On Sunday, the fishermen arrived at Kanyakire beach in Nyatike Sub County on a boat from Sota beach in Tanzania.

The six were detained following their arrest for allegedly fishing on Tanzania's Lake Victoria side using illegal fishing gears.

"We have suffered for long, at last we are free. We were arrested by Tanzania security officers who were patrolling the lake at night of November 5, 2018, accusing us of crossing the boundary and using illegal fishing gears in the Lake," said Mr Jared Okoth.

'TORTURED'

The fishermen recounted their ordeal in the hands of Tanzanian officers at Musoma Police Station, where they claimed they were often denied food, flogged and forced to eat raw fish.

"We were forced to spend a night or a day without food.
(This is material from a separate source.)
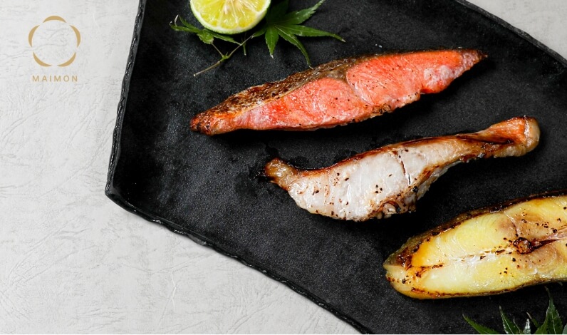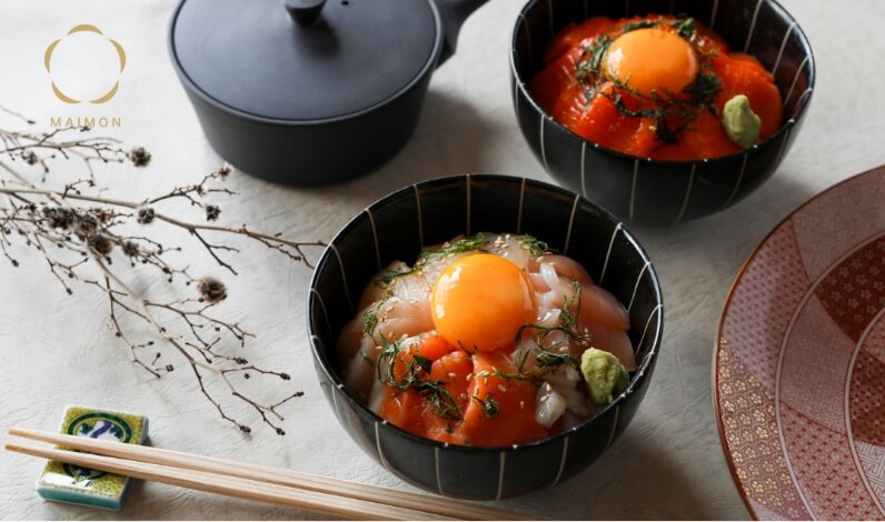 カニ類(ずわい蟹・毛蟹・たらば蟹)・牡蠣・ほたて・いくら・えび・明太子・たらこ・いか・ネギトロ・海苔・海藻・数の子・まいもんオリジナル(だし・醤油・ポン酢・のり汁・緑茶)・おせち料理

On some days, were forced to eat raw fish. It was really hard living in the Tanzanian cell. We are happy to come back home today," said Mr Okoth.

Another freed fisherman, Mr Opiyo Otiwa, requested the national government to provide security to Kenyan fishermen in Lake Victoria.

"Our people need security. We pay taxes to the government and we don't know why we are suffering. These people need compensation. Their boats were exposed to direct sunlight for three months and they cannot use them anymore because they are leaking," said Mr Otiwa.

'EXTORTION'

Mihuru Bay ward representative Hevron Mahira accused the government of failing to protect its citizens from external aggression.

"Kenyan fishermen are facing harassment from our neighbours Tanzania and Uganda but the government is just silent over the matter," said Mr Maira.

The ward rep said Tanzanian and Ugandan security officials have been extorting Kenyan fishermen. Mr Mahira said the security officer arrest Kenyan fishermen to force them to part with their hard-earned money to their secure freedom.

"The fishers keep spending a lot of money to get released whenever they are arrested. This has become a big business for the Ugandan and Tanzanian security officials," Mr Maira said.